Ebru Calik-Kutukcu, Yeliz Salci, Ecem Karanfil, Ayla Fil-Balkan, Can Ebru Bekircan-Kurt and Kadriye Armutlu
Neurosciences Journal April 2019, 24 (2) 95-100; DOI: https://doi.org/10.17712/nsj.2019.2.20180024

Abstract

Objectives: To investigate the correlations between the 6-minute walk test and disease severity, pulmonary functions, and respiratory muscle performance in patients with generalized myasthenia gravis (MG) and to determine whether MG disease severity, pulmonary functions, and respiratory muscle performance contribute to 6-minute walk test distance in generalized MG.

Methods: This cross-sectional trial was conducted at Hacettepe University in Ankara, Turkey. The study was carried out from February to August 2017. Twenty-eight class II-III MG patients participated in

the study. Patients’ disease severity was determined with the Myasthenia gravis composite scale. All participants underwent the 6-minute walk test, pulmonary function tests, and respiratory muscle strength and endurance assessment.

Results: Approximately 40% of patients’ expiratory muscle strength were under the lower limit of normal. Multiple linear regression analysis revealed that the percentage of predicted expiratory muscle strength that patients reached were significant and independent predictor of percentage of 6-minute walk test distance that patients reached according to reference values (R2=0.493, F [1-27]=25.275, p<0.001).

Conclusion: Expiratory muscle strength is a significant determinant of functional exercise performance in generalized MG with mild or moderate weakness affecting muscles other than the ocular muscles.

Myasthenia gravis (MG) is an autoimmune disease caused by antibodies against components of the postsynaptic membrane at the neuromuscular junction.
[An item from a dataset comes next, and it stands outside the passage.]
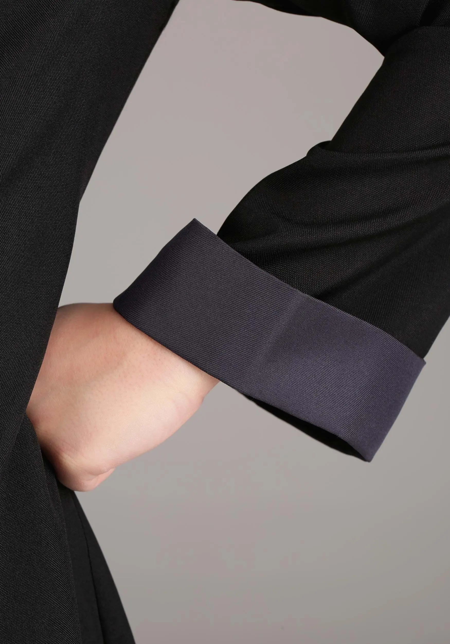 - Contrasting-color mandarin collar, shoulder caps, & sleeve cuffs

These antibodies block function by binding to their target and inducing antigen crosslinking, complement activation, and increased degradation. These cause muscle fatigue and weakness in patients with MG.1 Comorbid conditions may be critical for quality of life, daily functions, short- and long-term outcome, and mortality in MG patients.2

Inspiratory and expiratory muscle strength is shown to be reduced in patients with generalized MG compared to controls or ocular MG patients.3-5 Patients with MG often have a “myasthenic pattern” characterized by reduced ventilatory muscle endurance and volumes in lung function tests.6,7 Patients usually report dyspnea upon extreme effort due to muscle weakness, and ventilatory muscle impairment adversely affects the performance of physical activities and patients’ daily lives due to perceived fatigue.8

The 6-minute walk test (6MWT) has been shown to be relatively reliable in patients with neuromuscular diseases and 6MWT distance (6MWD) was reported to be lower in generalized MG patients than in healthy controls.8,9 In addition, composite disease severity scales have become increasingly important to show prognosis. The myasthenia gravis composite scale (MGCS) is a reliable, valid, and easily applicable instrument for assessing the clinical status of MG patients and differs from other MG severity scales because it incorporates physician-reported and patient-reported test items.10

Therefore, the aims of this study were: to investigate correlations between 6MWD and pulmonary functions, respiratory muscle performance, and MG severity determined by the MGCS in patients with generalized MG and to determine whether disease severity assessed by a composite score, pulmonary functions, and respiratory muscle performance contribute to or reflect decreased functional exercise capacity in generalized MG.

Methods

Subjects

This cross-sectional study was carried out in Hacettepe University, Faculty of Health Sciences, Department of Physiotherapy and Rehabilitation Ankara, Turkey between February-August 2017. Myasthenia gravis was diagnosed with single fiber electromyography testing or demonstration of anti-acetylcholine receptor antibodies. Inclusion criteria were: age 18-65 years; diagnosis of MG made by a neurologist; and generalized symptoms (Myasthenia Gravis Foundation of America [MGFA] clinical class II-III). Exclusion criteria were presence of; comorbid neuromuscular and cardiopulmonary pathologies; severe limb, axial, oropharyngeal, or respiratory muscle weakness (MGFA class IV); and MG crisis (MGFA class V). The study was approved by the Hacettepe University Non-Interventional Clinical Research Ethics Board (approval number: GO 16/814-24). All patients signed an informed consent form before participating. A single group pre-test and post-test design were used.

Assessments

The patients’ physical characteristics (height, weight, gender), sociodemographic data, and disease course (disease duration and medication history) were recorded. Perceived general fatigue severity was assessed using the visual analog scale (VAS).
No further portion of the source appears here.